Elle me goinfre le périscope, d’emblée. « Bats-moi avec, qu’elle supplie ! » Et tu me vois en train de lui filer des coups de gourdin en bidoche sur les noix ! Les jeux de l’amour et du lézard ! Pan ! pan ! mimiches ! Connasse ! Foutriquette ! Bavure ! Je l’engonce prompto du mandrin. Illico dans le petit borgne, puisqu’elle prétend aimer ça. Le caniche glabre qui assiste à l’emplâtrage se met à japper comme un malade. De quoi te faire dégoder ! Mme Renée ne tarde pas à surviendre, sévère derrière son face-à-main.
— Faites-moi taire cette bête, commissaire, elle admoneste ; on va croire que mon établissement donne dans la zoophilie !
— Ça vous ennuierait de me le garder un moment ? Il est doux comme un agneau ?
— Je déteste les chiens, elle répond.
Elle me mate, sévère. J’ai le Corona qui bat la mesure et ça finit par la faire sourire.

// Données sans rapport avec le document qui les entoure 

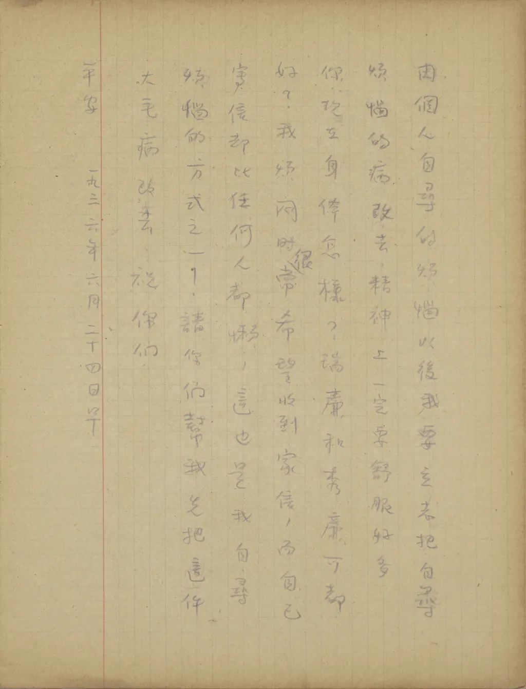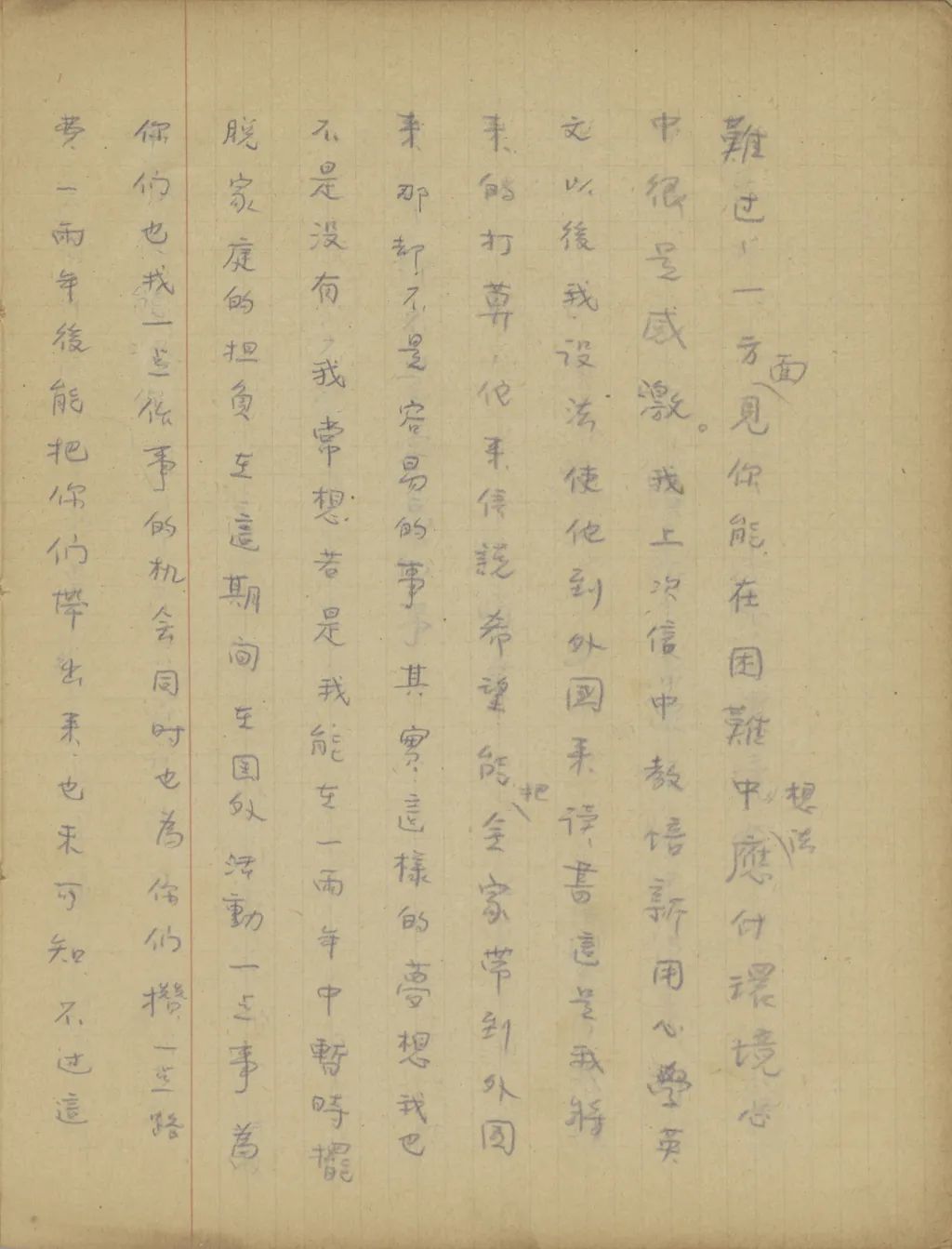 (你的信和瑞廉秀廉的像片都早已收到了)好久好久沒有家信給你了,不知道現(xiàn)在你們可都好。我現(xiàn)在身子倒很好,只有時精神上感覺煩悶,一半是因為時局,一半是因個人自尋的煩惱。以后我要立志把自尋煩惱的病改去,精神上一定要舒服好多。你現(xiàn)在身體怎樣?瑞廉和秀廉可都好?我煩悶時很常希望收到家信,而自己寫信卻比任何人都懶,這也是我自尋煩惱的方式之一!請你們幫我先把這件大毛病改去,祝你們平安。

— Bon, parce que c’est vous, je vais le confier à Marinette.
Elle prend la laisse traînante et repart avec le tondu.
L’intermède a agacé le sensoriel de Paulette.
— Vite ! Vite ! elle me presse en actionnant du derche comme le tennisman accomplit des mouvements d’assouplissement en cours de match.
Je me dis qu’une nana en survoltage, tu peux lui poser n’importe quelle question, elle y répond sans barguigner.
Je demande :
— Je parie qu’Albert te fait tirer par ses potes, quelquefois ?
— Oui, c’est vrai ! halète la grenouille.
— Par plusieurs à la fois ?
— C’est arrivé, oui. Vite ! Allez, allez, remets-moi !
— Et t’aimes ça ?
— J’en raffole.
— C’est des voyous, ses aminches, hein ?
— Sûrement. Mais je t’en supplie : reviens ! J’y tiens plus.
— Et Albert aussi, c’est un gredin, non ?
— Je ne sais pas !
— Si, tu sais !
Brusquement, elle saute du lit, furibarde.
— Class, à la fin ! hurle-t-elle, à deux doigts de l’hystérie. Tu m’as payé à dîner et amenée ici pour me tirer, oui, mais les vers du nez, avoue ! T’es qu’un sale poulet de merde ; à preuve, la taulière t’appelle « Commissaire ».
Embêté, je regarde se dégonfler ma balise.
— Ton Albert, tu ferais mieux de le quitter pour aller tondre ailleurs, conseillé-je, tu risques de gros ennuis à travailler pour lui.
— C’est mes oignons !
— Non : c’est ton oignon ! Je t’aurai prévenue !
Je me ressape en vitesse et vais récupérer « Bayard ». Un talbin à Marinette la femme de chambre ; une gentille Alsaco dodue, aux yeux de porcelaine.
— Pourquoi vous l’avez complètement tondu, ce caniche ? demande la briqueuse de bidets.
— C’est parce qu’il aime voyager incognito, ma poule.
Je me dis qu’il est temps de le rendre à sa chère maîtresse. Ce ratage me rend furax. C’est charognard, les coups foirés ; ça te laisse un goût de gueule de bois dans la bouche et te colle de mauvais présages dans le cigare. Je continue de bandocher dans mes guenilles. Peut-être vais-je faire rebelote avec Laure. Les secondes tringlées sont souvent meilleures que les premières.